The first serious sufferers from the postponement of the harvest were the family of Ogbuefi Amalu who had died in the rainy season from
aru-mmo
. Amalu was a man of substance and, in normal times, the rites of second burial and funeral feast would have followed two or three days after his death. But it was a bad death which killed a man in the time of famine. Amalu himself knew it and was prepared. Before he died he had called his first son, Aneto, and given him directions for the burial feast.

‘I would have said: Do it a day or two after I have been put into the earth. But this is
ugani
; I cannot ask you to arrange my burial feast with your saliva. I must wait until there are yams again.’ He spoke with great difficulty, struggling with every breath. Aneto was down on both knees beside the bamboo bed and strained to catch the whispers which were barely audible over the noisy breathing coming from the cavity of the sick man’s chest. The many coatings of camwood which had been rubbed on it had caked and cracked like red earth in the dry season. ‘But you must not delay it beyond four moons from my death. And do not forget, I want you to slaughter a bull.’

There was a story told of a young man in another clan who was so pestered by trouble that he decided to consult an oracle. The reason, he was told, was that his dead father wanted him to sacrifice a goat to him. The young man said to the oracle: ‘Ask my father if he left as much as a fowl for me.’ Ogbuefi Amalu was not like that man. Everyone knew he was worth four hundred bulls and that he had not asked his son for more than was justly due.

In anticipation of the New Yam Festival Aneto and his brothers and kinsmen had chosen the day for Amalu’s second burial and announced it to all Umuaro and to all their relations and in-laws in the neighbouring clans.

What were they to do now? Should they persist with their plan and give Amalu a poor man’s burial feast without yams and risk his ire on their heads or should they put it off beyond the time that Amalu had appointed and again risk his anger? The second choice seemed the better and the less dangerous one.
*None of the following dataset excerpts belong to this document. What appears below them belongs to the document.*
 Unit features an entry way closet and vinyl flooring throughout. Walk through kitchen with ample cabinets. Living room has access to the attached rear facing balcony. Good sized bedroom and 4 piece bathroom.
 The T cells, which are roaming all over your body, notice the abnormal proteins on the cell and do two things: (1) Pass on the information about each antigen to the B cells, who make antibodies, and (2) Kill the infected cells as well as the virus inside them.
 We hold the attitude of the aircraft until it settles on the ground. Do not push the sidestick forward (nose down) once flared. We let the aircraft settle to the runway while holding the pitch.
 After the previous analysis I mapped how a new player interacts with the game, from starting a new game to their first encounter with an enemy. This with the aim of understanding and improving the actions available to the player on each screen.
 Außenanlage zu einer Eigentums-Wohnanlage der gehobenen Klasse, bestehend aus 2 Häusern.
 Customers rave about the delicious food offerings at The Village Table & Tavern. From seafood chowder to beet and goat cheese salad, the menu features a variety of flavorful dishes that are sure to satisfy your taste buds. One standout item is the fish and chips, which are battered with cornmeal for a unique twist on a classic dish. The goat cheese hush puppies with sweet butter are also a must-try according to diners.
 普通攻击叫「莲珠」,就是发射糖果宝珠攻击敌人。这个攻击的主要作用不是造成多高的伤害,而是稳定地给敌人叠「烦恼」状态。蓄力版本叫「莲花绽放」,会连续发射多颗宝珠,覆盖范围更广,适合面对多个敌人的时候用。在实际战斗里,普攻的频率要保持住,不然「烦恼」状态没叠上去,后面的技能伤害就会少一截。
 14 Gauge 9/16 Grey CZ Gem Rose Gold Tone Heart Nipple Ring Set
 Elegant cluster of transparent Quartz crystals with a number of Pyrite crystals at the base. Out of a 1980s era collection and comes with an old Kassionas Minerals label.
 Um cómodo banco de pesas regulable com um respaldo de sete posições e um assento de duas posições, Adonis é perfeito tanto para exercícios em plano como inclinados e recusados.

But to be quite sure Aneto went to
afa
, to put the alternatives to his father.

When he got to the oracle he found that there were not two alternatives but only one. He dared not ask his father whether he would accept a poor man’s funeral; rather he asked whether he could delay the rites until there were yams in Umuaro. Amalu said no. He had already stood too long in the rain and sun and could not bear it one day longer. A poor man might wander outside for years while his kinsmen scraped their meagre resources together; that was his penalty for lack of success in his life. But a great man who had toiled through two titles must be called indoors by those for whom he had toiled and for whom he left his riches.

Aneto called a kindred meeting and told them what his father had said. No one was surprised. ‘Who would blame Amalu?’ they asked. ‘Has he not stood outside long enough?’ No, the fault was Ezeulu’s. He had seen to it that Amalu’s kinsmen would waste their substance in buying yams from neighbouring clans when their own crop lay locked in the soil. Many of these neighbouring people were already growing fat out of Umuaro’s misfortune. Every Nkwo market they brought new yams to Umuaro and sold them like anklets of ivory. At first only men without title, women and children ate these foreign yams. But as the famine grew more harsh and stringent someone pointed out that there was nothing in the custom of Umuaro forbidding a man of title from eating new yams grown on foreign earth; and in any case who was there when they were dug out to swear that they were new yams? This made people laugh with one side of their face. But if there was any man of title who took this advice and ate these yams he made sure that no one saw him. What many of them did do was to harvest the yams planted around their homestead to feed their wives and children. From ancient usage it had always been possible for a man to dig up a few homestead yams in times of severe famine. But today it was not just a few yams and, what was more, the homestead area crept farther and farther afield as the days passed.